China's top securities market regulator has rejected more initial public offering (IPO) applications from companies amid efforts to improve the quality of listed companies and protect the interests of individual investors.
The China Securities Regulatory Commission (CSRC) in May reviewed IPO application documents from 64 companies. Nine of them, representing about 14 percent of the total, failed to receive approval to go public, the China Securities Journal reported over the weekend.
The 14 percent rate was higher than the 12 percent in April and the 11.6 percent for the first five months of this year, the journal reported, citing data from Wind Info, a leading financial information provider.
Inability to generate sustainable profit growth and malpractices in business operations and information disclosure were among the main reasons for the IPO rejections, noted the report.
Under the current IPO system, new shares are subject to approval from the CSRC.
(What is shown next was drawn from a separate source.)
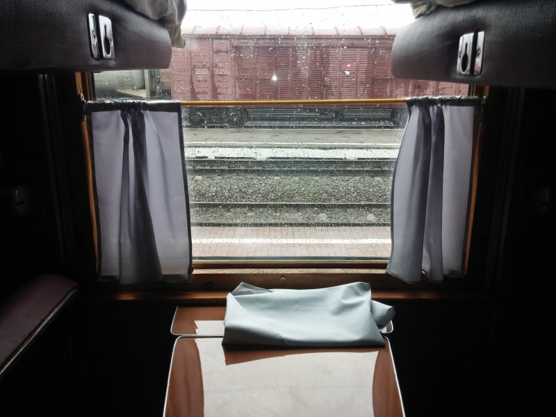 Едем! Все как и в прошлом году! Совковый состав. Очень пыльно, ночью врубили отопление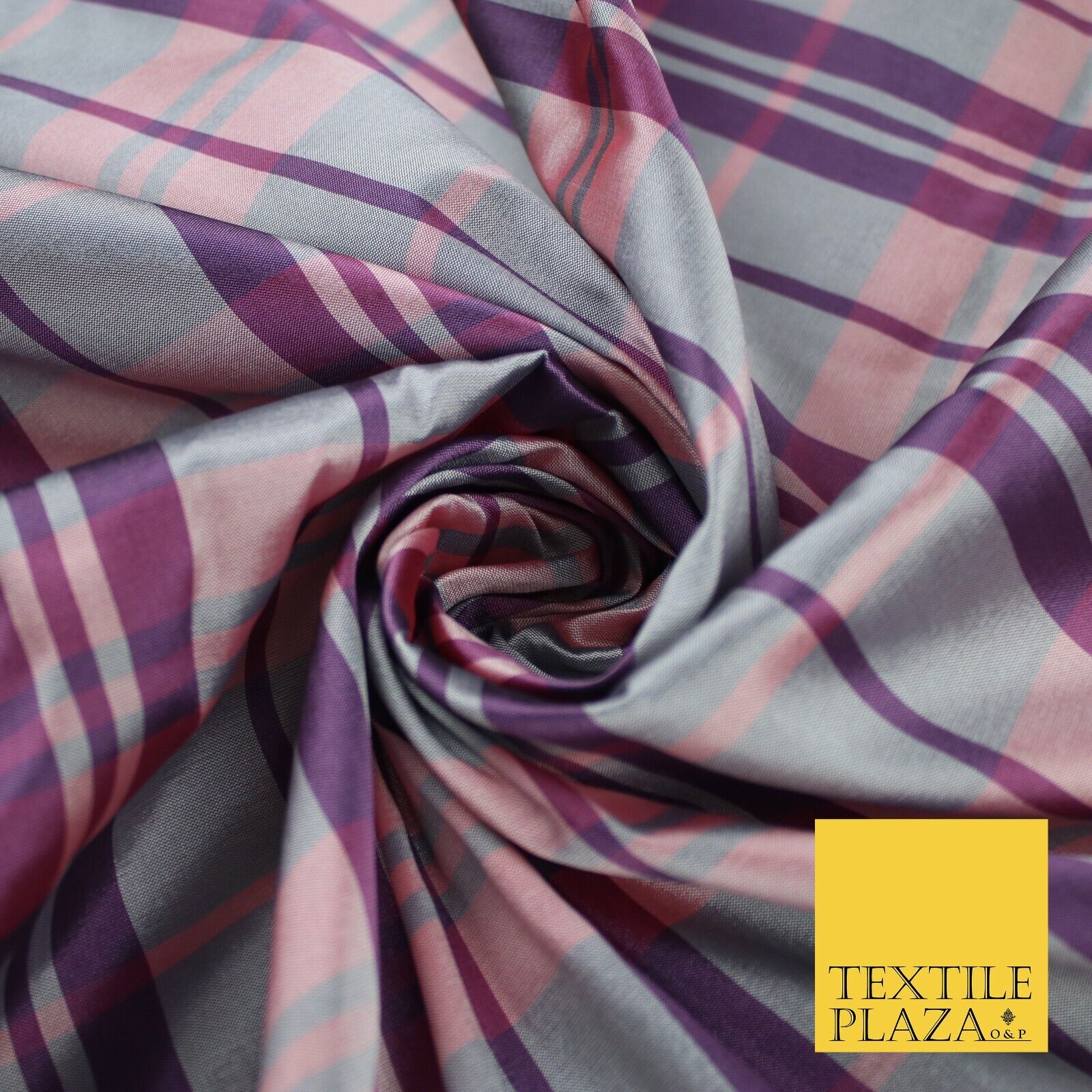 High Quality CHECK TARTAN Faux Silk Taffeta Dress Fabric

In a similar vein, the CSRC on Friday approved the IPO applications of four companies, fewer than the seven approved last week.
The four companies will raise no more than 1.5 billion yuan (about 220 million US dollars), much less than the 2.3 billion yuan approved to be raised by the seven IPOs in the previous week.
The regulators' rhythm change in IPOs is a result of the market demand, as some shares' prices dropped drastically due to recent adjustments in A Share market. Most analysts agree to CSRC's measures but have warned that a suspension of IPO is infeasible.
"IPOs should not be the focus of the development of the capital market. The core of this market is mergers and acquisitions (M&A), and we should push for more M&A and reorganizations for a healthier market," said Wu Xiaoqiu, vice president of Renmin University of China.